Would you restate each line of the data below word for word, without its pictures?

- **RECORDED INFORMATION**:

----

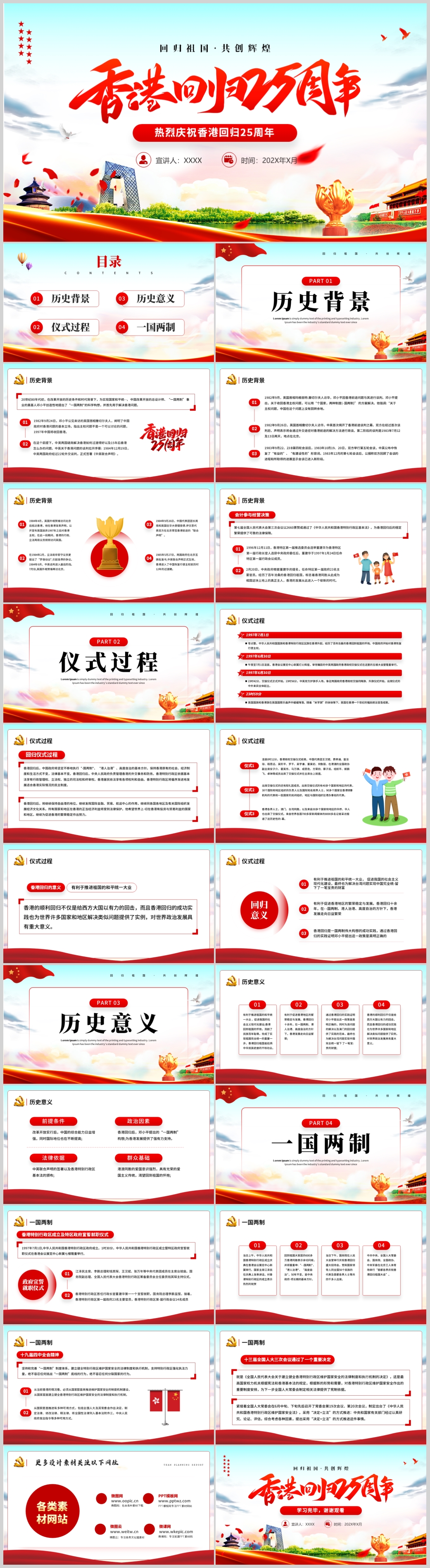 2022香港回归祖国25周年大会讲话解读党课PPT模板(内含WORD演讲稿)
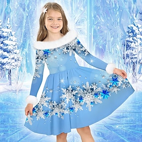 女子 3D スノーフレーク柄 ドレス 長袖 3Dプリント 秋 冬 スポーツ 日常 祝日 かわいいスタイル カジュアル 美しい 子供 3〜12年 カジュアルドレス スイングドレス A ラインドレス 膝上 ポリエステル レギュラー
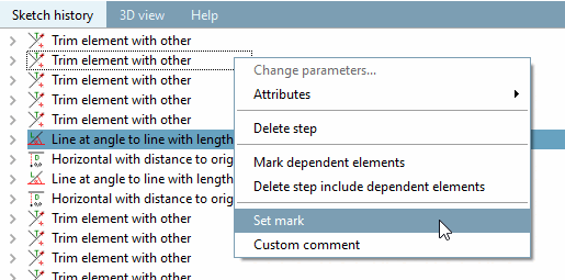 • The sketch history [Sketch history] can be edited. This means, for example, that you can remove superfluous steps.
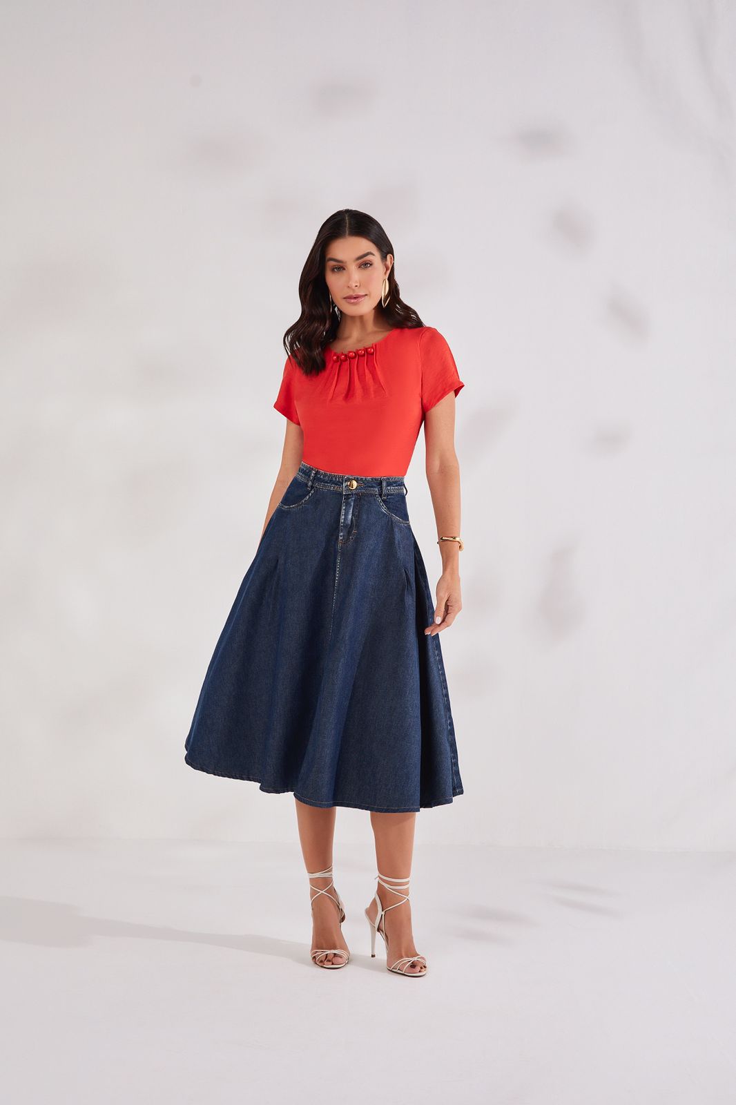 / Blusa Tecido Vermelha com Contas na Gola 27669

----

- **RESPONSE AREA**:
 2022香港回归祖国25周年大会讲话解读党课PPT模板(内含WORD演讲稿)
 女子 3D スノーフレーク柄 ドレス 長袖 3Dプリント 秋 冬 スポーツ 日常 祝日 かわいいスタイル カジュアル 美しい 子供 3〜12年 カジュアルドレス スイングドレス A ラインドレス 膝上 ポリエステル レギュラー
 • The sketch history [Sketch history] can be edited. This means, for example, that you can remove superfluous steps.
 / Blusa Tecido Vermelha com Contas na Gola 27669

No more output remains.